The hemicellulosic hydrolysate of the cashew apple bagasse contained 15.7 g/L glucose, 11.9 g/L xylose, 1.5 g/L acetic acid, and 0.5 g/L formic acid. Furfural and hydroxymethylfurfural (5-HMF) were not detected in the hydrolysate. The pH adjustment using Ca(OH)2 can reduce the concentration of furfurals, which is important to the process, as these compounds can be highly toxic to the microbial growth by damaging crucial biological membranes [12].

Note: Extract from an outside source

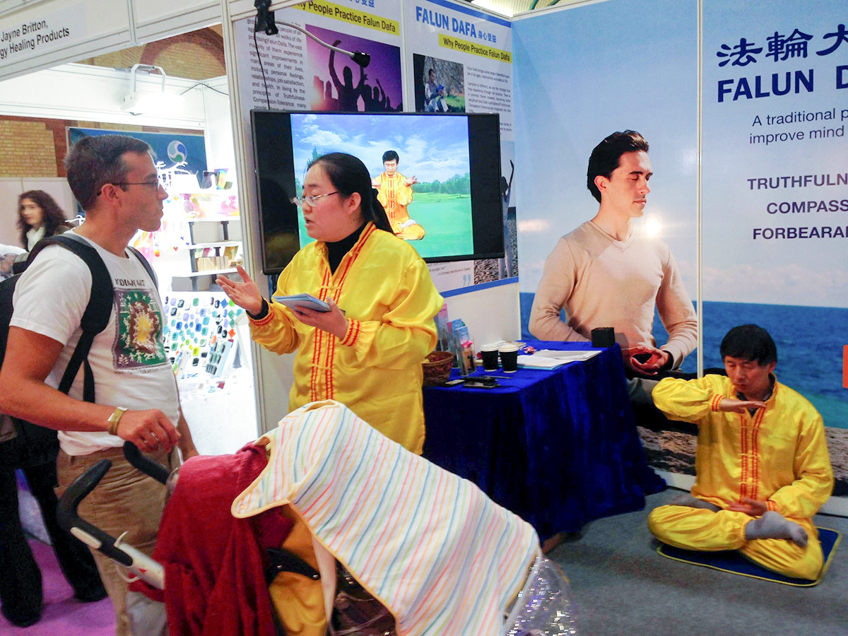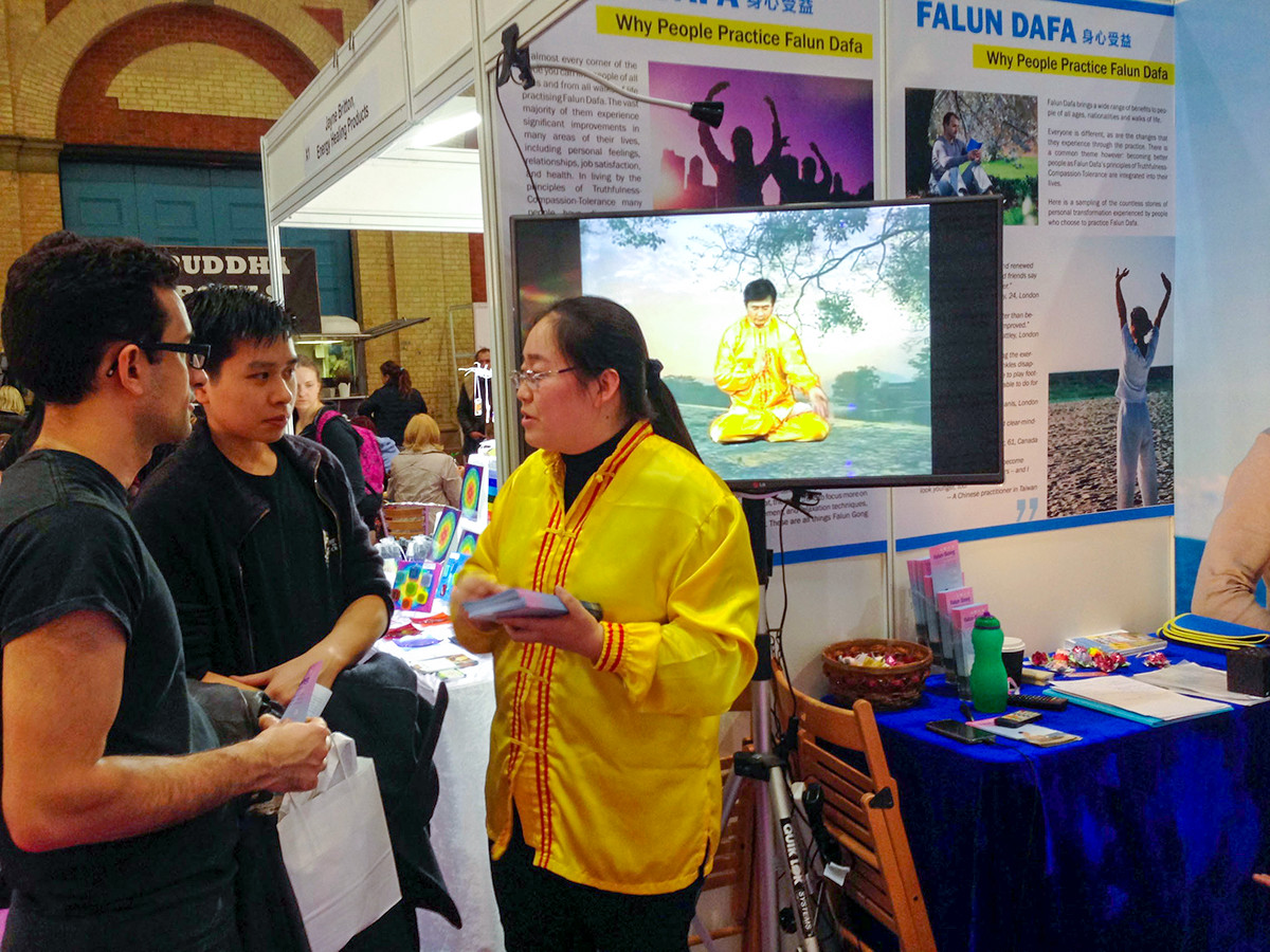 二零一五年十月二十三日至二十五日,他们又在位于伦敦北部的亚历山大宫(Alexander Palace)参加了伦敦“身心灵体验”(Mind Body Soul Experience)博览会,向出席这一盛会的数万人介绍法轮功、展示法轮大法的美好。来到身心健康节的人中很多人对打坐、太极、瑜伽感兴趣,他们当中有很多人愉快地表示他们要去学炼、体验法轮功。

Finally, the total concentration of fermentable sugars obtained via acid hydrolysis was approximately 28 g/L, including glucose and xylose. Xylose was the second most abundant component, corresponding to 42.5% of the total sugars present in the hydrolysate. However, the xylose concentration obtained (11.9 g/L) was higher than that reported in the literature from other lignocellulosic materials, i.e., 10.3 g/L from acid hydrolysis of rapeseed straw [11], 7.4 g/L in the hemicellulosic hydrolysate of eucalyptus wood [30], and 2.7 g/L in the hydrolysate of olive pruning [31].
Xylitol production
Xylitol was produced by K. marxianus ATCC36907 in the hemicellulosic hydrolysate of the cashew apple bagasse (CABHH). The production profile is shown in Fig. 1. The highest xylitol concentration (4.5 g/L) was achieved at 96 h and cell concentration was 5.3 g/L. Ethanol also was produced and its concentration peaked at 24 h (4.8 g/L), but it decreased over time, indicating that it is likely that at least part of the ethanol evaporated. As shown in Fig. 1, there was no complete consumption of any of the sugars and, at the end of the fermentation process, there still was 21.12% of glucose and 9.34% of xylose. The probable reason for this was that ethanol affected the yeast’s performance, due to the glucose present in the hydrolysate during xylitol production, which may have modified the metabolic pathway of the yeast.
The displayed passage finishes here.